* About this task
Quote all lines below exactly. Images stay out.

* Records from a dataset
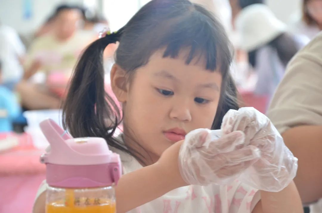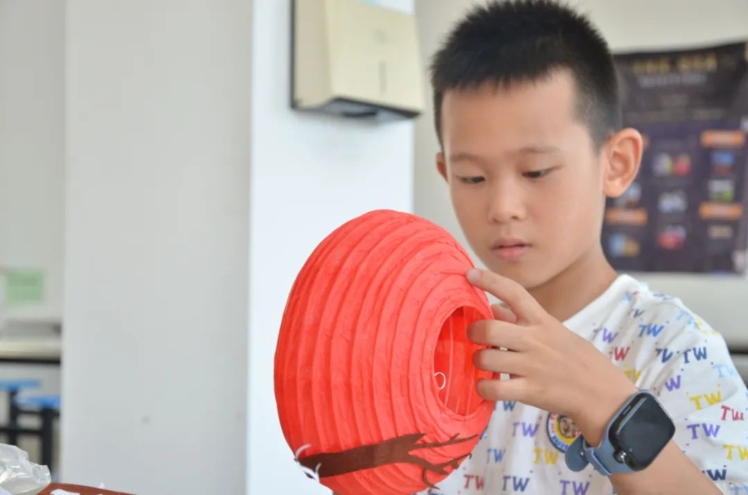 详细了解制作过程后,大小朋友纷纷化身面点师,迫不及待地动起手来。擀饼皮、包馅料、压模……大家围坐一起,相互交流、分工合作,不一会儿,一个个大小匀称、图案精美的冰皮月饼伴着孩子们的欢声笑语美味出炉啦。花灯小组的成员们每一个步骤都耐心细致,力争做到更好,看他们的花灯多漂亮!
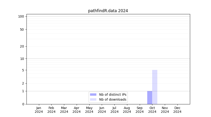Number of downloads for annotation package pathfindR.data, year by year, from 2025 back to 2014 (years with no downloads are omitted):
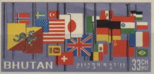 33-chetrum, 1-ngultrum, and 3-ngultrum stamps depict incorrect United Kingdom Union Jack flag.
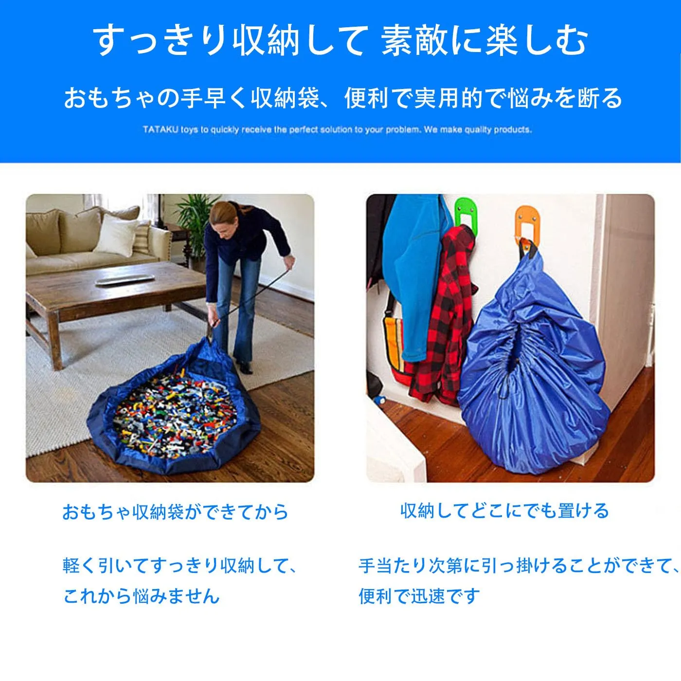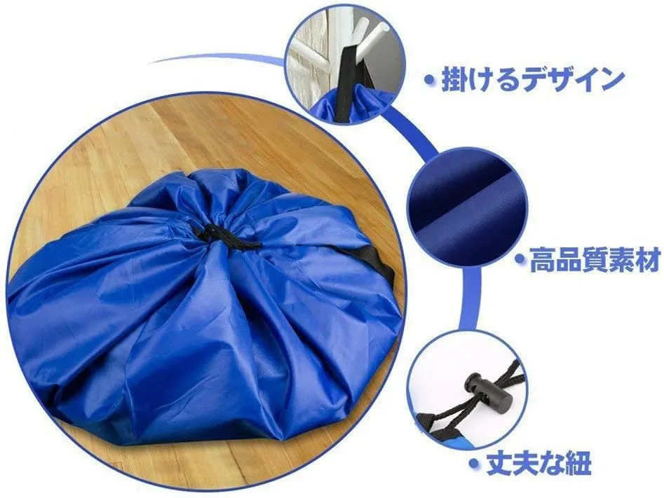 おもちゃ収納バッグ 子ども プレイマット 積み木 お片付け簡単 特大マット 直径150cm 折り畳みで便利 収納用品 自宅&外遊び (ブルー) 折り畳み式 玩具収納袋 お片付け簡単 収納用品
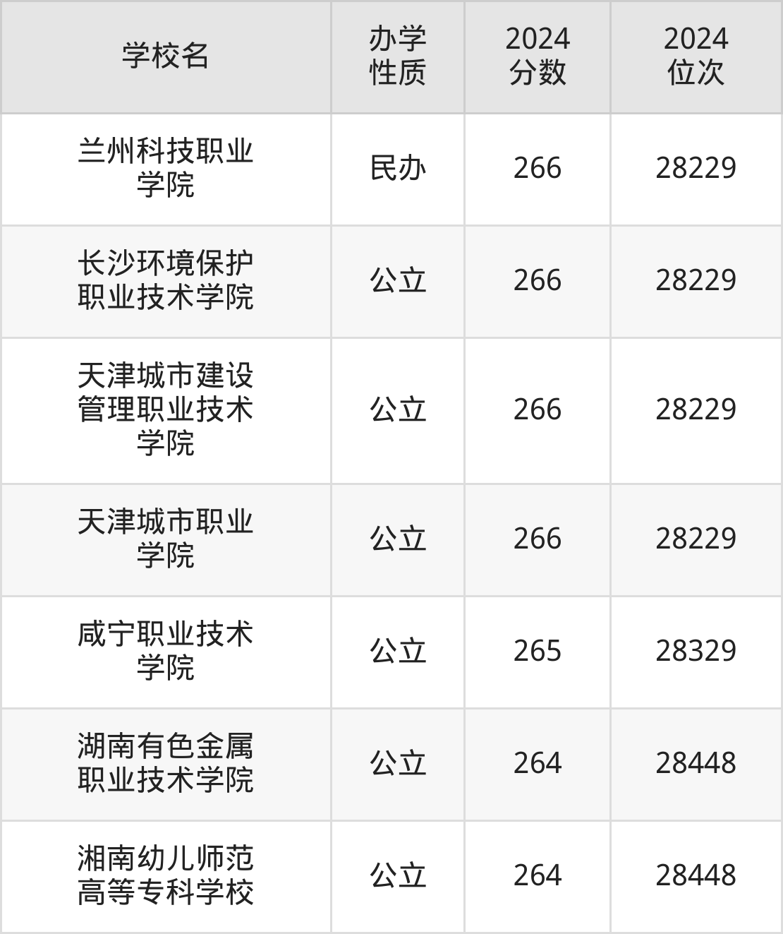 | 长沙环境保护 职业技术学院 | 266 | 28229 |

* Reply to the task
 详细了解制作过程后,大小朋友纷纷化身面点师,迫不及待地动起手来。擀饼皮、包馅料、压模……大家围坐一起,相互交流、分工合作,不一会儿,一个个大小匀称、图案精美的冰皮月饼伴着孩子们的欢声笑语美味出炉啦。花灯小组的成员们每一个步骤都耐心细致,力争做到更好,看他们的花灯多漂亮!
Number of downloads for annotation package pathfindR.data, year by year, from 2025 back to 2014 (years with no downloads are omitted):
 33-chetrum, 1-ngultrum, and 3-ngultrum stamps depict incorrect United Kingdom Union Jack flag.
 おもちゃ収納バッグ 子ども プレイマット 積み木 お片付け簡単 特大マット 直径150cm 折り畳みで便利 収納用品 自宅&外遊び (ブルー) 折り畳み式 玩具収納袋 お片付け簡単 収納用品
 | 长沙环境保护 职业技术学院 | 266 | 28229 |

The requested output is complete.